Une grande partie de ce que nous connaissons aujourd’hui comme psycho-
histoire tient à l’effort conjoint de ces deux disciplines, la psychologie et l’histoire,
pour pénétrer le mystère du leadership et du charisme, pour parcourir les chemins
complexes par lesquels des chefs sanguinaires et cruels captent la ferveur et
l’amour des masses. Bien plus qu’un guide ou un dépositaire conjoncturel
d’idéaux conscients, le grand leader est l’expression de conflits émotionnels très
profonds, l’incarnation de structures et de contenus inconscients qui dépassent
les histoires personnelles. Il donne forme aux troubles du peuple qui recherche
des réponses à ses angoisses principales.

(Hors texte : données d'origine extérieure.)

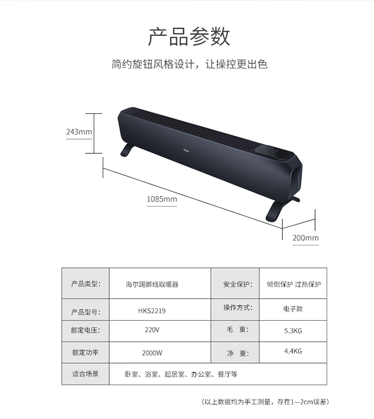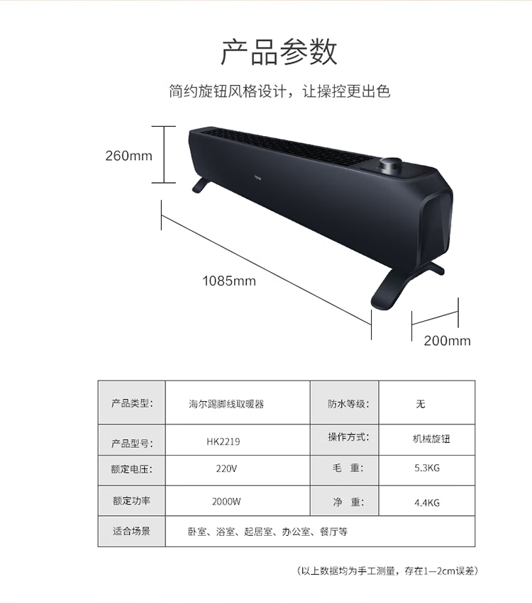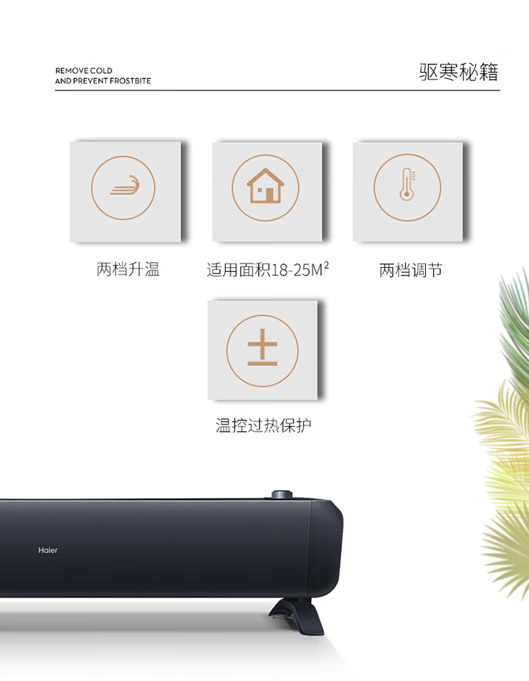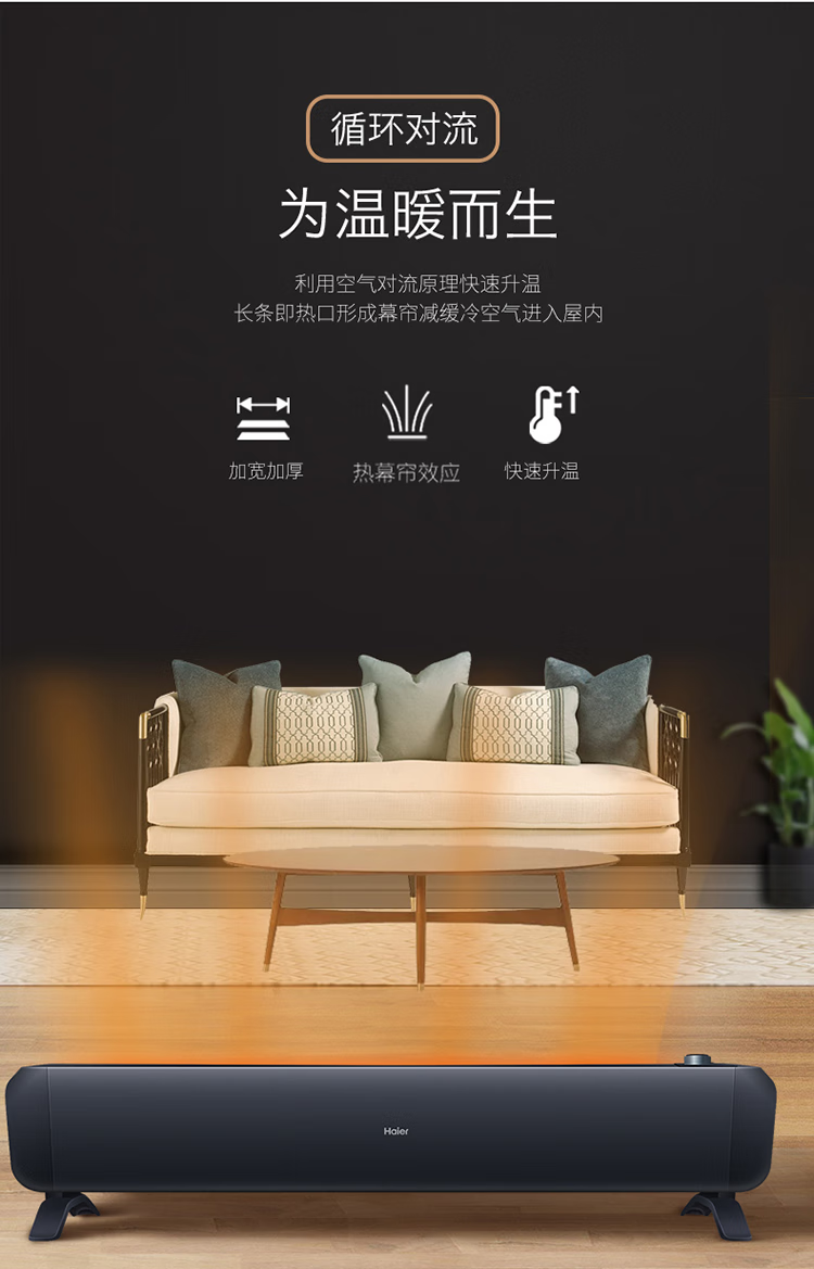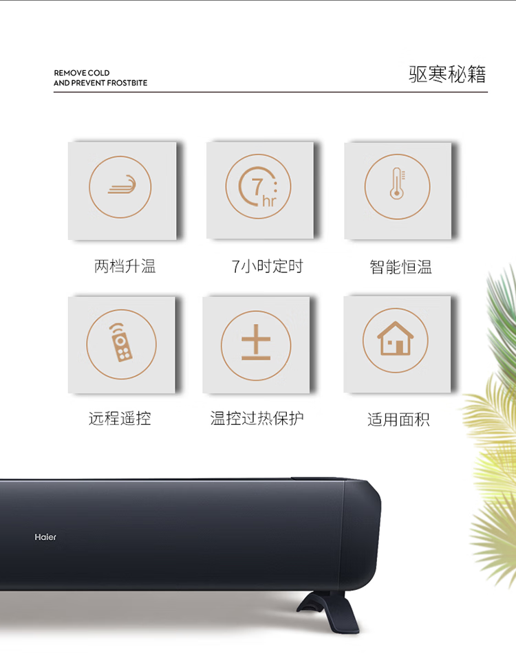 海尔(Haier)家用卧室踢脚线石墨烯电暖器暖风烤火炉家用取暖器防水居浴两用 【定时遥控款】HKS2219

La psycho-histoire est tiraillée entre les
hypothèses conventionnelles qui voient dans la figure du grand homme celui qui
forge les forces du destin, et celles qui le voient comme un symbole, une person-
nification des nécessités d’un peuple, de ses déséquilibres, tensions, pulsions et
désirs latents qui, même s’ils existent dans toutes les sociétés, ne prennent forme
que lorsqu’un individu apparaît, qui, se fondant sur son propre mal-être, est
capable d’exprimer les conflits de tous les autres dans leur généralité.
De nombreuses théories psychologiques tentent d’expliquer l’origine de la
nécessité intérieure de dominer, de la motivation à atteindre nos objectifs
en altérant ou en contrôlant la conduite des autres, du désir d’être influent.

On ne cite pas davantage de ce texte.